[Recorded information Boundary: Start]

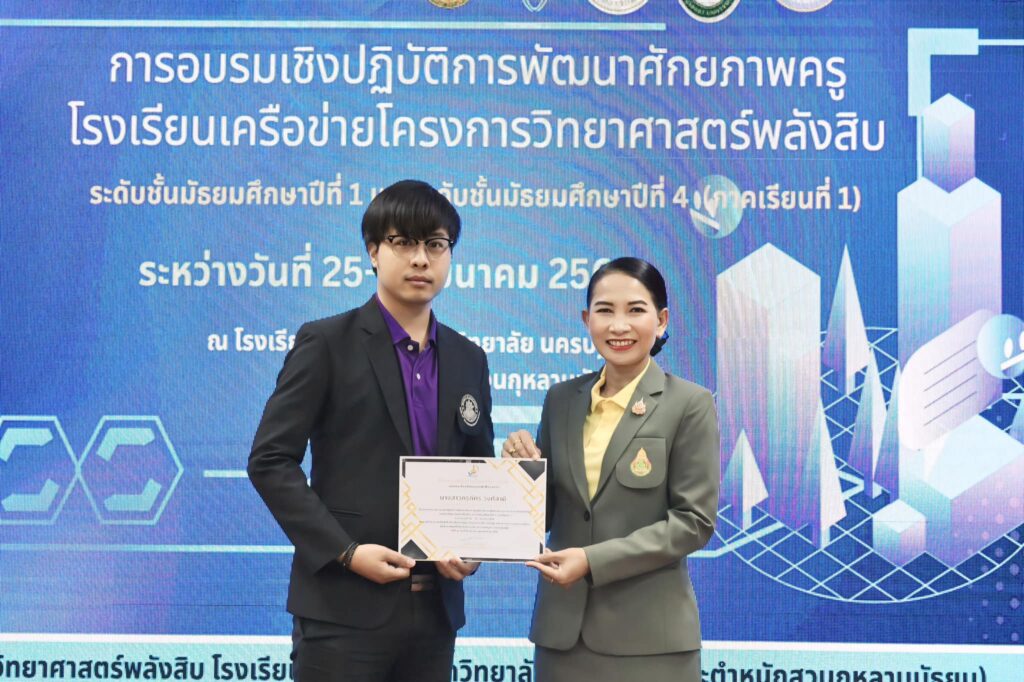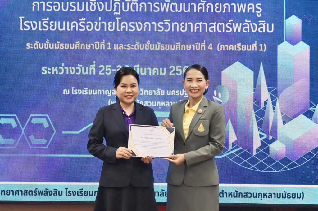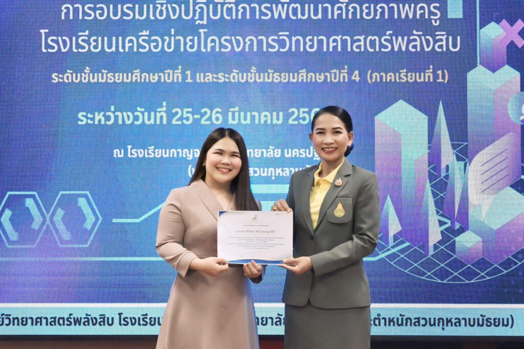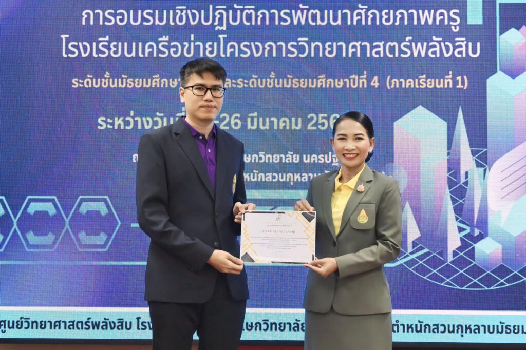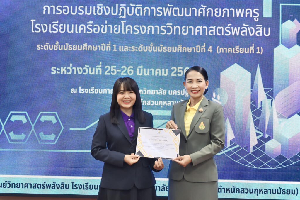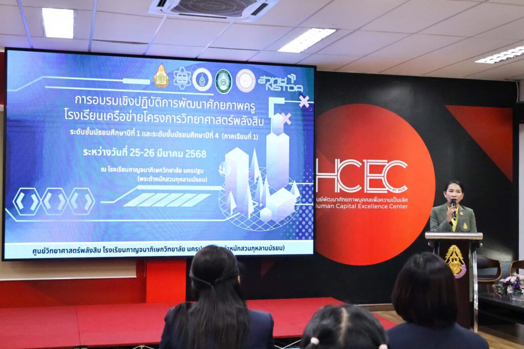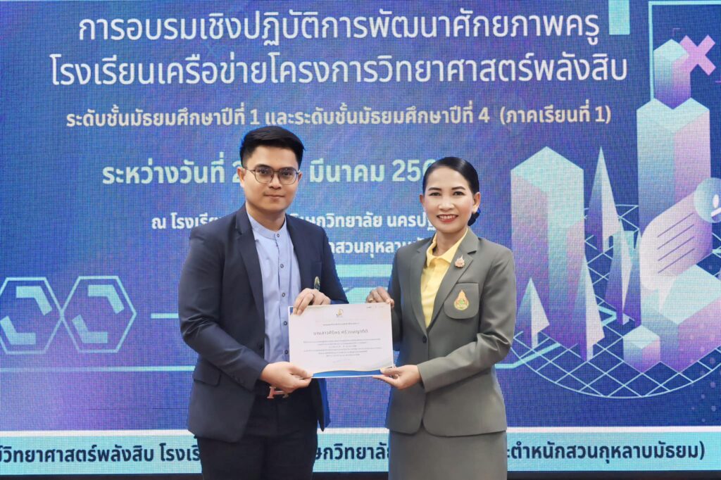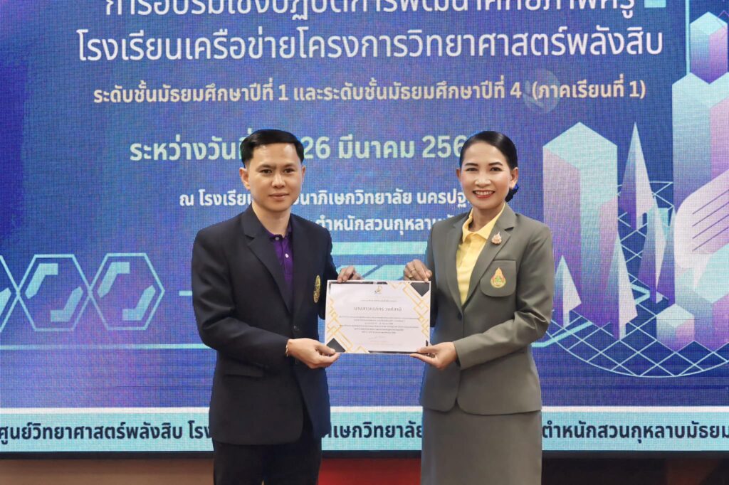 วันที่ ๒๕ มีนาคม ๒๕๖๘ ดร.สุเนตร ขวัญดำ ผู้อำนวยการสำนักงานเขตพื้นที่การศึกษามัธยมศึกษานครปฐม เป็นประธานเปิดการอบรมเชิงปฏิบัติการการพัฒนาบุคลากรและการจัดการเรียนรู้โรงเรียนเครือข่ายตามแนวทางโครงการวิทยาศาสตร์ พลังสิบ ระดับมัธยมศึกษาปีที่ ๑ และระดับมัธยมศึกษาปีที่ ๔ (ภาคเรียนที่ ๑) โดยมี โรงเรียนวัดไร่ขิงวิทยา และโรงเรียนสิรินธรราชวิทยาลัย นำบุคลากรครูเข้าอบรม จำนวน ๑๘ คน เนื่องจากเป็นโรงเรียนที่สมัครเข้าโครงการวิทยาศาสตร์พลังสิบและเพื่อเตรียมความพร้อมในการเปิดห้องเรียนวิทยาศาสตร์พลังสิบในปีการศึกษา ๒๕๖๘ ณ โรงเรียนกาญจนาภิเษกวิทยาลัย นครปฐม (พระตำหนักสวนกุหลาบมัธยม) ทั้งนี้ ได้รับความอนุเคราะห์จาก ว่าที่ร้อยตรีพิษณุพล แตงอ่อน ผู้อำนวยการโรงเรียนกาญจนาภิเษกวิทยาลัย นครปฐม (พระตำหนักสวนกุหลาบมัธยม) พร้อมคณะบุคลากรครูในโครงการวิทยาศาสตร์พลังสิบเป็นวิทยากรในการฝึกอบรม และอนุเคราะห์สถานที่สำหรับการจัดอบรม
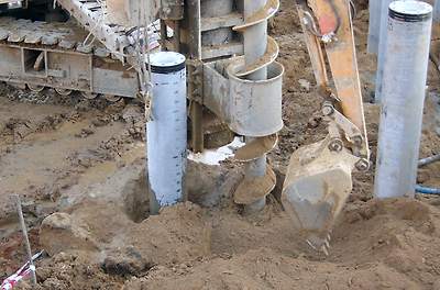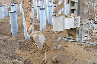 시공기계의 이동하는 지반의 강도를 확인한다. 필요하면 철판사용,지반개량등의 처리도 검토한다. 일반적으로 3점식 항타기에서는 접지압 10~20tf/m2 정도로서 그것에 대해 충분한 지반지력이 필요하다. |
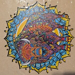 Dive into the intricate world of this 200-piece wooden puzzle, showcasing a vibrant mandala design with rich blues and warm orange tones. The puzzle's geometric patterns and decorative elements offer a challenging and rewarding experience for puzzle enthusiasts. Perfect for those who appreciate high-quality craftsmanship and artistic designs.
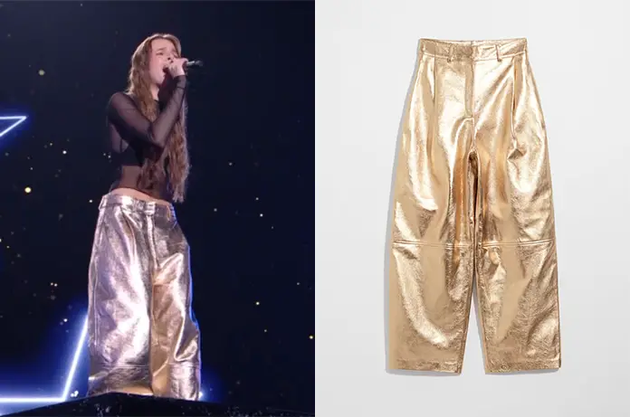 C’était décidément le prime d’Anouk ce 29 novembre à la Star Academy : une victoire sur la battle, un autoportrait émouvait et félicité par tous. L’or lui a porté chance. Elle portait effectivement un pantalon en cuir doré. Il est sold out chez And other stories.
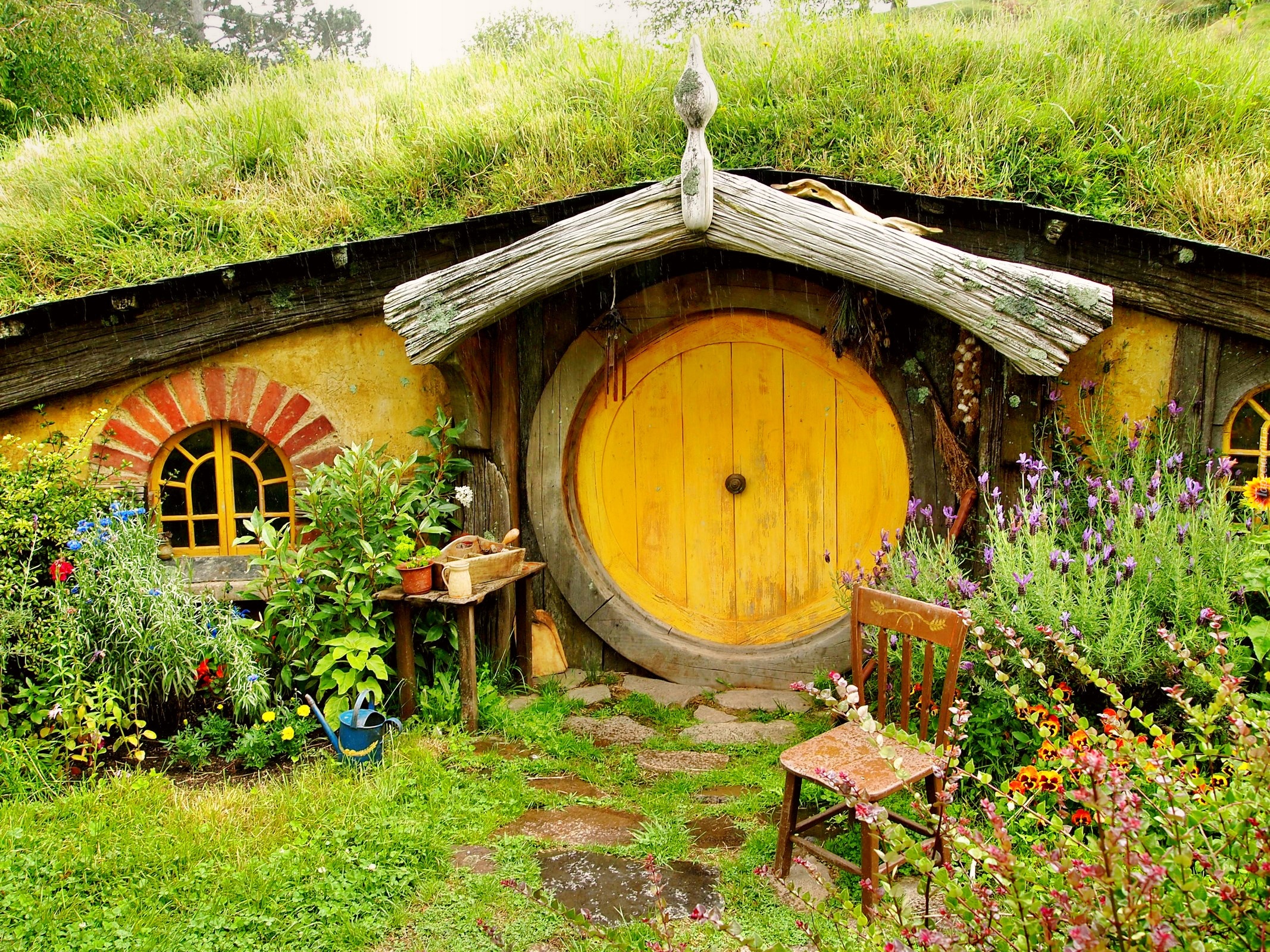 Edytor tapety: Domek Hobbit, Ogródek, Nowa Zelandia
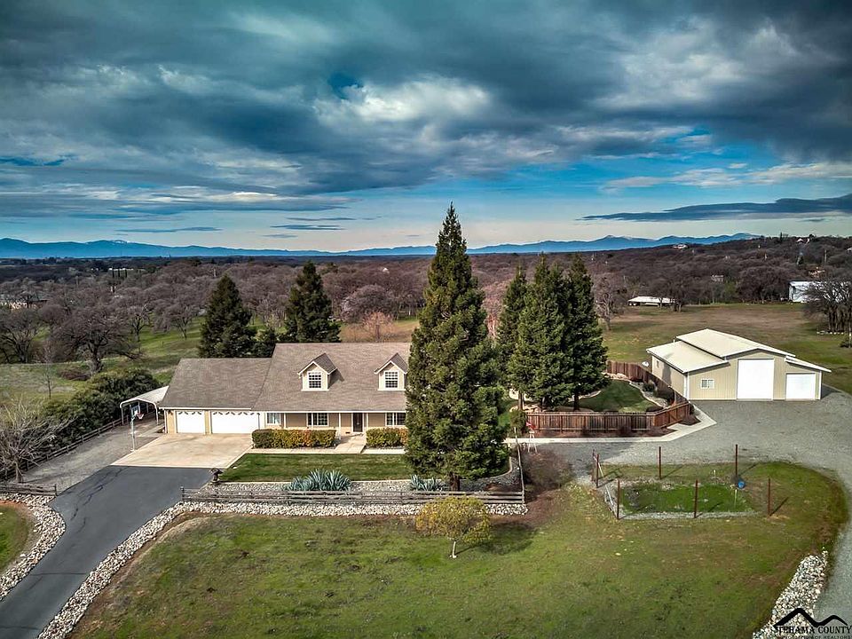CLASSIC TWO STORY COUNTRY FARM HOUSE on 3 usable acres in desirable NOBLE OAKS ESTATES. Over 2300 sq ft, 3 bedroom, 2.5 bath updated home featuring sunken Great room with natural gas fireplace, downstairs master suite, tasteful kitchen with granite and stainless appliances, over sized utility room and 1/2 bath. Staircase leads to two spacious bedrooms and guest bath. New carpet throughout. Exterior features include in ground, gunite swimming pool, putting green, fenced yard, picnic area, and established lush landscaping front and back. Additionally 44' X 48' insulated metal shop with concrete floor, bathroom and 2 automatic doors along with man door. Beautiful property and something for everyone!! Private roads and protective CC&R's.
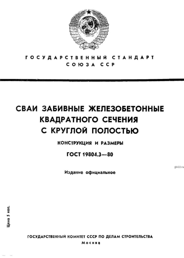 | Название стандарта | Сваи забивные железобетонные квадратного сечения с круглой полостью. Конструкция и размеры. |
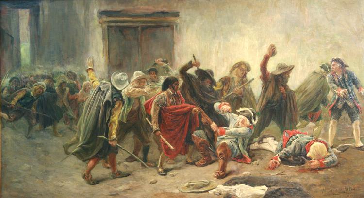 Importante obra de tema histórico, que recuerda la revuelta del Motín de Esquilache que tuvo lugar en el Madrid del 1766 con solamente una población de ciento cincuenta mil ...Ver más
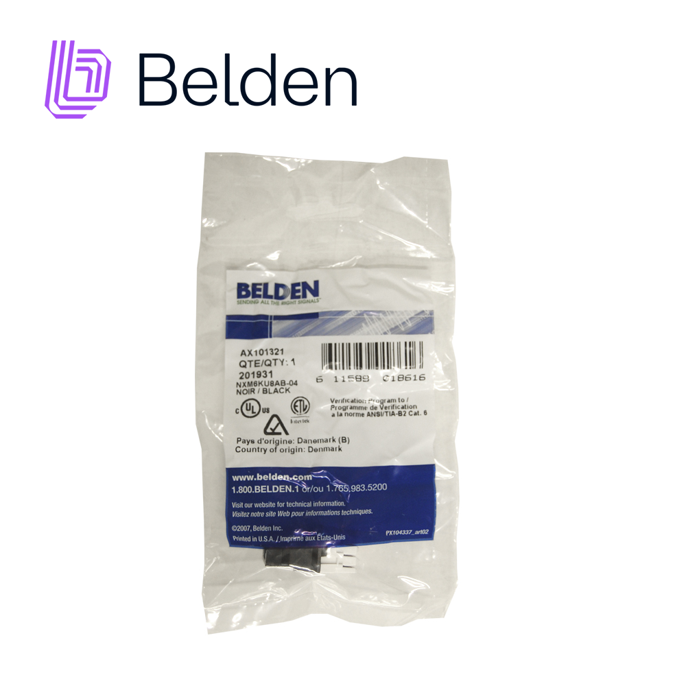AX101321 BELDENJack modular RJ-45 categoria 6 Espacio ambiental: Interior Aplicaciones adecuadas: Sistema IBDN 2400, 3600 y 4800, TIA Categoría 6 , ISO Clase E, 1000 BASE-T Características físicas (en general) Altura:0.88 in Anchura:0.64 in Profundidad:1.29 in Esquema de cableado:T568A / B Tipo:KeyConnect Compatibilidad de herramientas:Herramienta de conexión Belden 110, estación de terminación MediaFlex Partes relacionadas:Compatible con las placas frontales, adaptadores, cajas y paneles de conexión de KeyConnect Color Negro
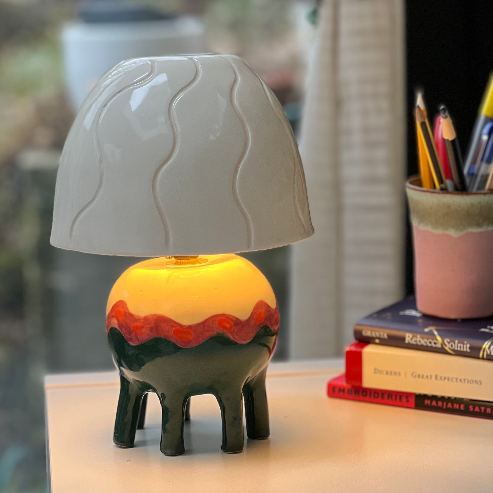 (You will receive the same colour, shape and design as the picture – but please note there will be some natural variation in glaze, patterning, and final character as all of the lamps are uniquely handmade.)
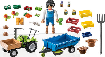 Figures: 1 man; Accessories: 1 tractor with trailer, 4 tetra packs, 3 apples, 2 salads, 1 pepper, 1 cucumber, 5 transport boxes, 1 pitchfork, 2 cauliflower, 2 loaves of bread, 1 egg, 1 garlic, 1 carrot, 1 pasture basket, 1 potato basket

[Recorded information Boundary: End]

To do ::
Give the records again exactly, without pictures.

Task output ::
 วันที่ ๒๕ มีนาคม ๒๕๖๘ ดร.สุเนตร ขวัญดำ ผู้อำนวยการสำนักงานเขตพื้นที่การศึกษามัธยมศึกษานครปฐม เป็นประธานเปิดการอบรมเชิงปฏิบัติการการพัฒนาบุคลากรและการจัดการเรียนรู้โรงเรียนเครือข่ายตามแนวทางโครงการวิทยาศาสตร์ พลังสิบ ระดับมัธยมศึกษาปีที่ ๑ และระดับมัธยมศึกษาปีที่ ๔ (ภาคเรียนที่ ๑) โดยมี โรงเรียนวัดไร่ขิงวิทยา และโรงเรียนสิรินธรราชวิทยาลัย นำบุคลากรครูเข้าอบรม จำนวน ๑๘ คน เนื่องจากเป็นโรงเรียนที่สมัครเข้าโครงการวิทยาศาสตร์พลังสิบและเพื่อเตรียมความพร้อมในการเปิดห้องเรียนวิทยาศาสตร์พลังสิบในปีการศึกษา ๒๕๖๘ ณ โรงเรียนกาญจนาภิเษกวิทยาลัย นครปฐม (พระตำหนักสวนกุหลาบมัธยม) ทั้งนี้ ได้รับความอนุเคราะห์จาก ว่าที่ร้อยตรีพิษณุพล แตงอ่อน ผู้อำนวยการโรงเรียนกาญจนาภิเษกวิทยาลัย นครปฐม (พระตำหนักสวนกุหลาบมัธยม) พร้อมคณะบุคลากรครูในโครงการวิทยาศาสตร์พลังสิบเป็นวิทยากรในการฝึกอบรม และอนุเคราะห์สถานที่สำหรับการจัดอบรม
 시공기계의 이동하는 지반의 강도를 확인한다. 필요하면 철판사용,지반개량등의 처리도 검토한다. 일반적으로 3점식 항타기에서는 접지압 10~20tf/m2 정도로서 그것에 대해 충분한 지반지력이 필요하다. |
 Dive into the intricate world of this 200-piece wooden puzzle, showcasing a vibrant mandala design with rich blues and warm orange tones. The puzzle's geometric patterns and decorative elements offer a challenging and rewarding experience for puzzle enthusiasts. Perfect for those who appreciate high-quality craftsmanship and artistic designs.
 C’était décidément le prime d’Anouk ce 29 novembre à la Star Academy : une victoire sur la battle, un autoportrait émouvait et félicité par tous. L’or lui a porté chance. Elle portait effectivement un pantalon en cuir doré. Il est sold out chez And other stories.
 Edytor tapety: Domek Hobbit, Ogródek, Nowa Zelandia
CLASSIC TWO STORY COUNTRY FARM HOUSE on 3 usable acres in desirable NOBLE OAKS ESTATES. Over 2300 sq ft, 3 bedroom, 2.5 bath updated home featuring sunken Great room with natural gas fireplace, downstairs master suite, tasteful kitchen with granite and stainless appliances, over sized utility room and 1/2 bath. Staircase leads to two spacious bedrooms and guest bath. New carpet throughout. Exterior features include in ground, gunite swimming pool, putting green, fenced yard, picnic area, and established lush landscaping front and back. Additionally 44' X 48' insulated metal shop with concrete floor, bathroom and 2 automatic doors along with man door. Beautiful property and something for everyone!! Private roads and protective CC&R's.
 | Название стандарта | Сваи забивные железобетонные квадратного сечения с круглой полостью. Конструкция и размеры. |
 Importante obra de tema histórico, que recuerda la revuelta del Motín de Esquilache que tuvo lugar en el Madrid del 1766 con solamente una población de ciento cincuenta mil ...Ver más
AX101321 BELDENJack modular RJ-45 categoria 6 Espacio ambiental: Interior Aplicaciones adecuadas: Sistema IBDN 2400, 3600 y 4800, TIA Categoría 6 , ISO Clase E, 1000 BASE-T Características físicas (en general) Altura:0.88 in Anchura:0.64 in Profundidad:1.29 in Esquema de cableado:T568A / B Tipo:KeyConnect Compatibilidad de herramientas:Herramienta de conexión Belden 110, estación de terminación MediaFlex Partes relacionadas:Compatible con las placas frontales, adaptadores, cajas y paneles de conexión de KeyConnect Color Negro
 (You will receive the same colour, shape and design as the picture – but please note there will be some natural variation in glaze, patterning, and final character as all of the lamps are uniquely handmade.)
 Figures: 1 man; Accessories: 1 tractor with trailer, 4 tetra packs, 3 apples, 2 salads, 1 pepper, 1 cucumber, 5 transport boxes, 1 pitchfork, 2 cauliflower, 2 loaves of bread, 1 egg, 1 garlic, 1 carrot, 1 pasture basket, 1 potato basket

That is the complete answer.